- WHAT THE TASK ASKS -
Output exactly the lines that come between the start of the material and the line containing "ハイネック ダウンベスト 男の子", both ends included, with the pictures omitted.

- AVAILABLE DATA -
####

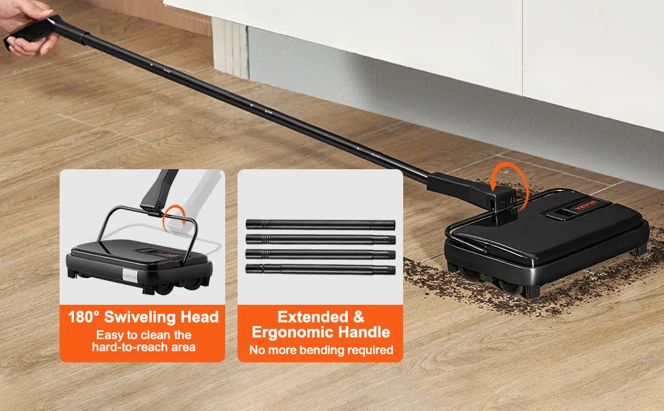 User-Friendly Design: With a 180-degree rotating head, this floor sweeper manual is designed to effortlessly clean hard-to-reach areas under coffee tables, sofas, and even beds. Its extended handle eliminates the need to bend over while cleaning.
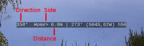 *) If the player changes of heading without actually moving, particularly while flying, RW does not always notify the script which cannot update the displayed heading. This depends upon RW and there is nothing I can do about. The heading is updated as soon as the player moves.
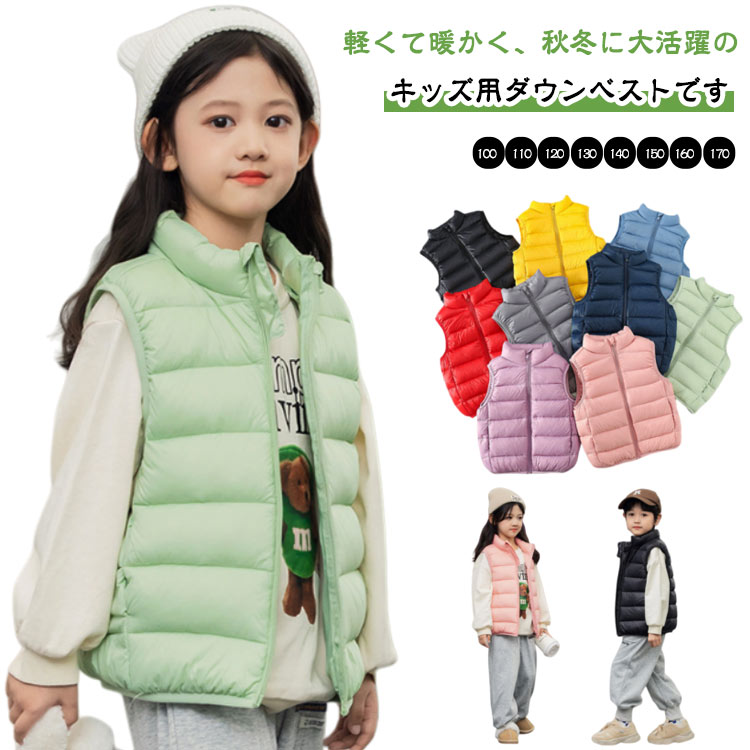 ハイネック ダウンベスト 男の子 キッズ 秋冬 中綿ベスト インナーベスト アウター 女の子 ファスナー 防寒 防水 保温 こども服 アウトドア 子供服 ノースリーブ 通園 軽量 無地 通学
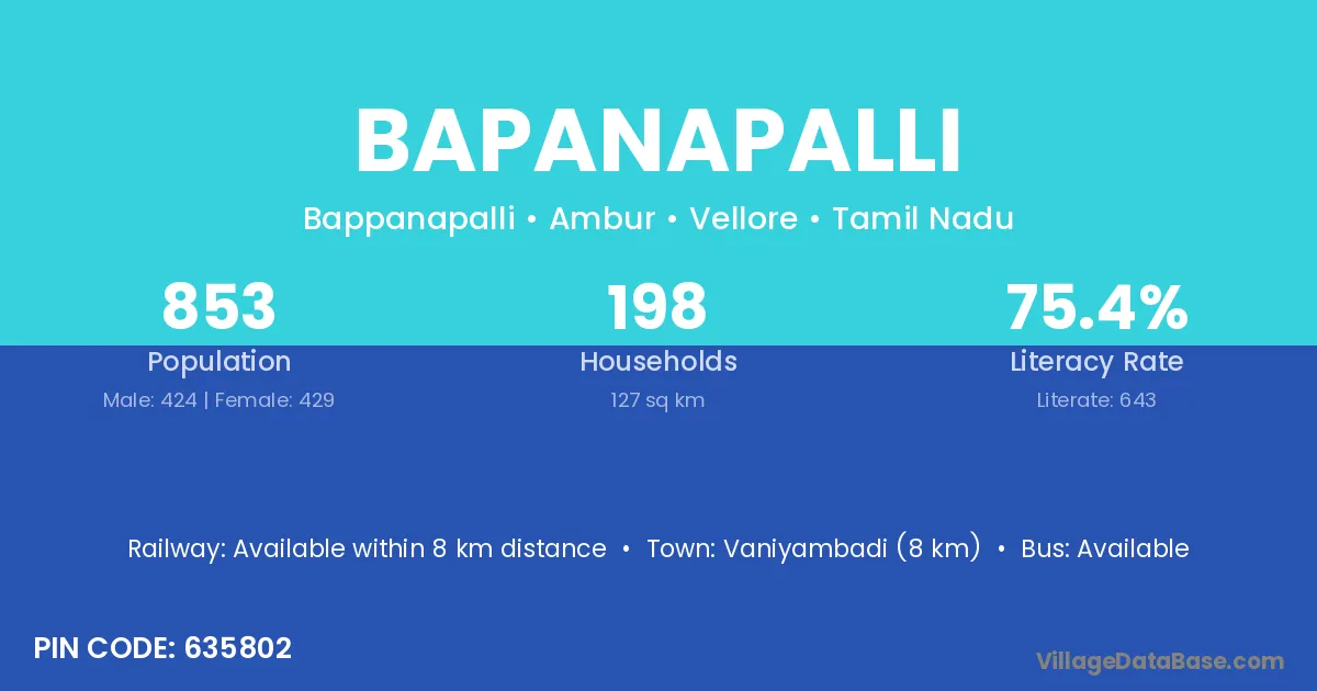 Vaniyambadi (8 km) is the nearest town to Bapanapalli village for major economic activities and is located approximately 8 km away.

####

- TASK SOLUTION -
 User-Friendly Design: With a 180-degree rotating head, this floor sweeper manual is designed to effortlessly clean hard-to-reach areas under coffee tables, sofas, and even beds. Its extended handle eliminates the need to bend over while cleaning.
 *) If the player changes of heading without actually moving, particularly while flying, RW does not always notify the script which cannot update the displayed heading. This depends upon RW and there is nothing I can do about. The heading is updated as soon as the player moves.
 ハイネック ダウンベスト 男の子 キッズ 秋冬 中綿ベスト インナーベスト アウター 女の子 ファスナー 防寒 防水 保温 こども服 アウトドア 子供服 ノースリーブ 通園 軽量 無地 通学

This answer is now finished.